As leis de livre mercado visam “produzir a maior receita possível e os menores custos possíveis”, afirmou Maradiaga, de 72 anos, nesta quarta-feira (13). “Uma mudança se faz necessária, para que o capitalismo se torne mais humano. Do contrário, as desigualdades continuarão crescendo, e elas geram violência, frustração, dor e especialmente insegurança, em todos os sentidos”.

“Corações abertos”

Maradiaga, arcebispo de Tegucigalpa, Honduras, expressou as suas esperanças de que o Congresso, de maioria republicana, ouça o papa com “corações abertos”.

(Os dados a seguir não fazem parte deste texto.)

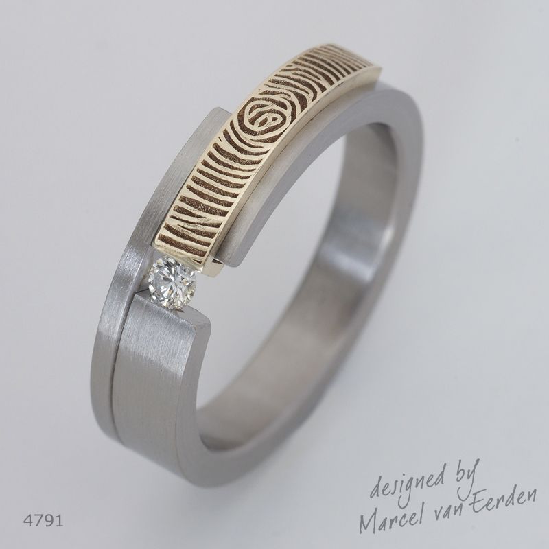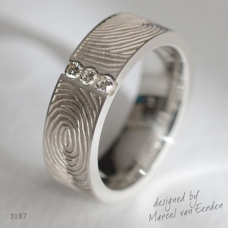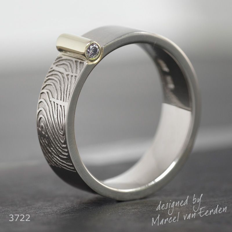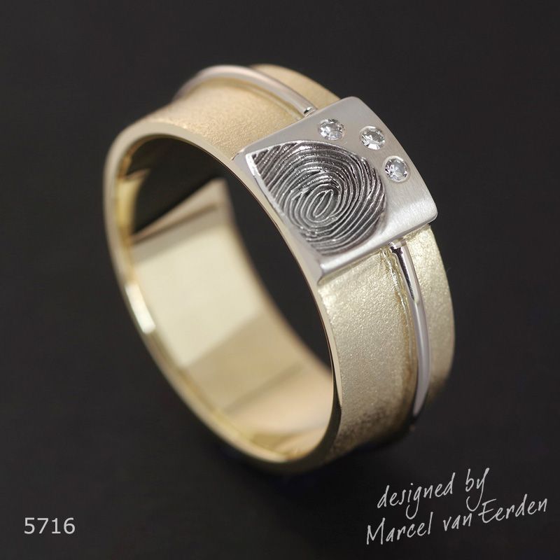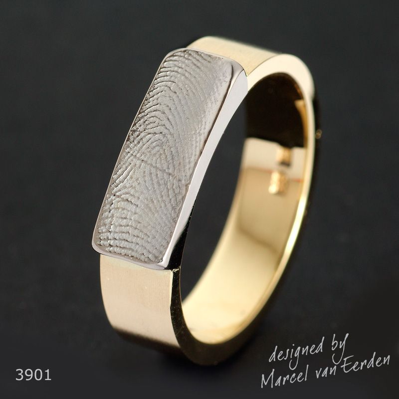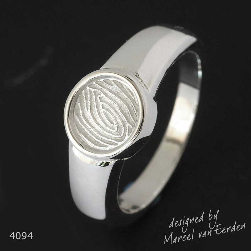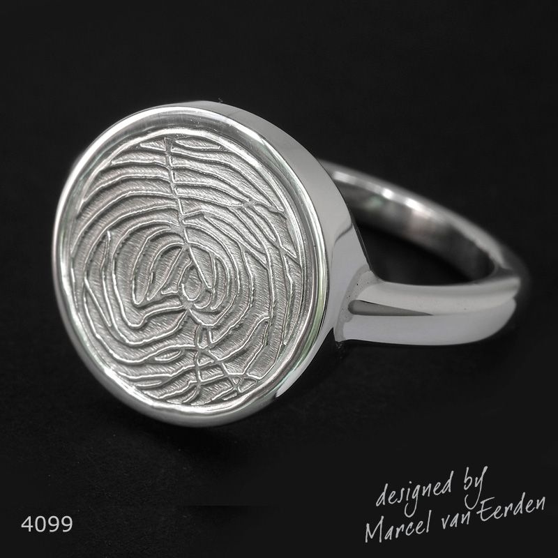 - Wasafdruk: Met een speciale was, in een warme of kneedbare vorm, wordt de vingerafdruk afgenomen. Dit wordt als mal gebruikt om te gieten in zilver of goud.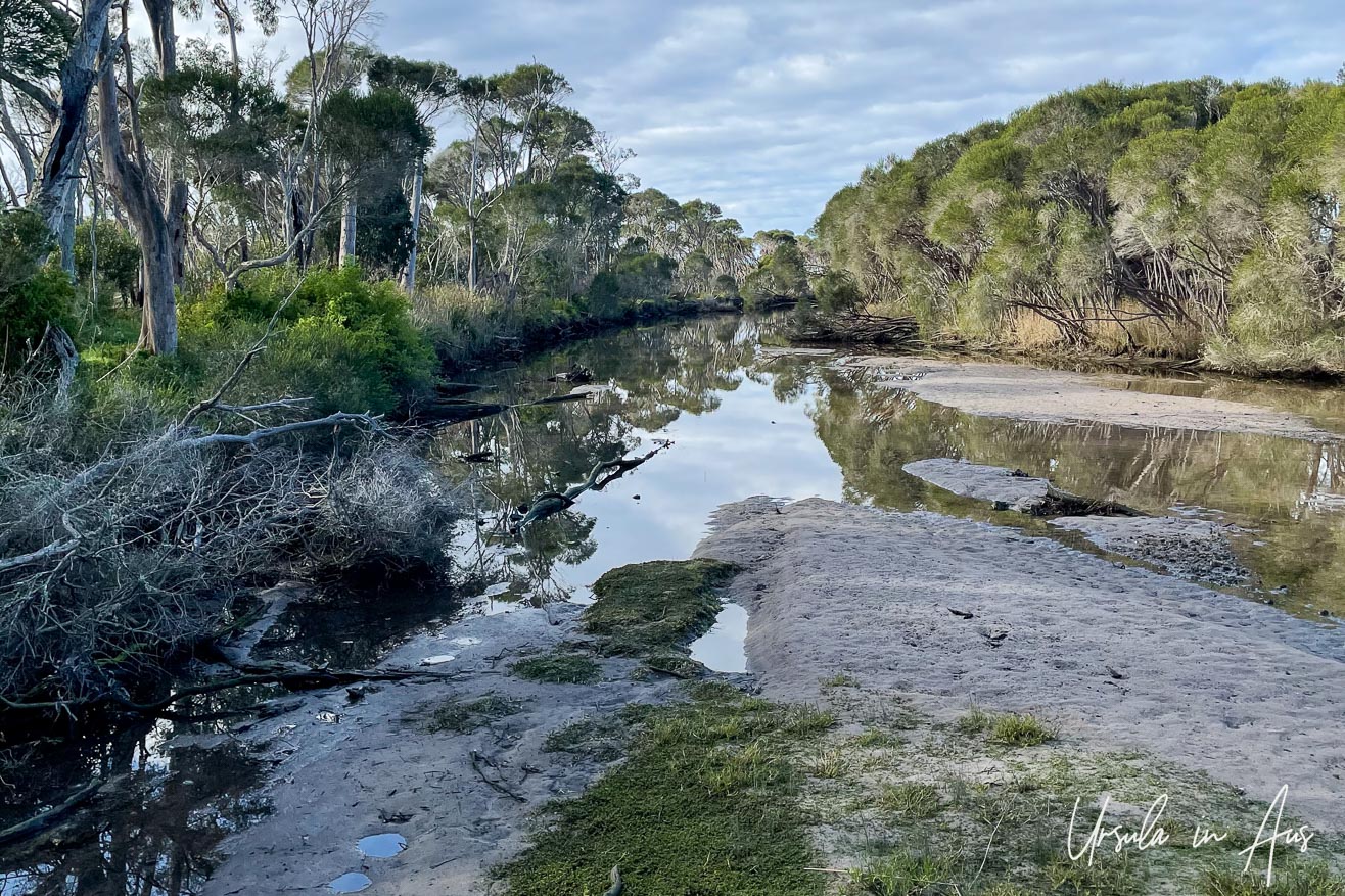 Tea-trees (melaleuca) have a short life-span, and regularly get blown over by strong winds. Palestine Creek is one of several tributaries into Lake Curalo. (06June2021)

Francisco, 78, viajará a Cuba entre os dias 19 e 22 de setembro, depois a Washington, onde irá se reunir com o presidente Barack Obama na Casa Branca, a Nova York, onde discursará à Assembleia Geral da Nações Unidas, e finalmente à Filadélfia.

A Casa Branca disse, em um comunicado, que a conversa entre Francisco e Obama incluirá os “cuidados aos marginalizados e pobres” e os “avanços das oportunidades econômicas para todos”.

Como porta-voz do Vaticano sobre a dívida dos países em desenvolvimento com o Fundo Monetário Internacional e o Banco Mundial, Maradiaga ajudou a negociar uma baixa contábil para Honduras, seu país de origem, na década de 1990. A pressão continuada para o perdão destas dívidas culminou numa ação de 2005 encabeçada pelos líderes do G8 que visava a erradicação das dívidas externas de 26 dos países mais pobres do mundo.

Grécia

Embora tenha preferido não comentar sobre se a Grécia – o país mais endividado da Europa – deveria receber um tratamento parecido, Maradiaga disse que as políticas de austeridade associadas à crise estavam pesando injustamente sobre os pobres.

“É necessário também que as corporações ricas possam pagar parte do preço”, disse ele. Aos bancos que precisam de resgate, “todo o dinheiro do mundo está disponível”, no entanto “não há dinheiro para os pobres”.

Prestes a deixar a presidência da Caritas Internationalis, organização católica dedicada a caridade, Maradiaga também coordena uma comissão de nove cardeais nomeados para reformular a administração da Igreja.

Maradiaga, que fala seis idiomas e sabe pilotar helicópteros, disse que se aprofundou no estudo da economia depois de escutar, de funcionários de organizações internacionais, que ele, com padre, não sabia nada sobre a disciplina.

“Para nós, na Igreja, a pobreza é a face concreta do povo”, disse Maradiaga. “Para a economia, ela é apenas números”.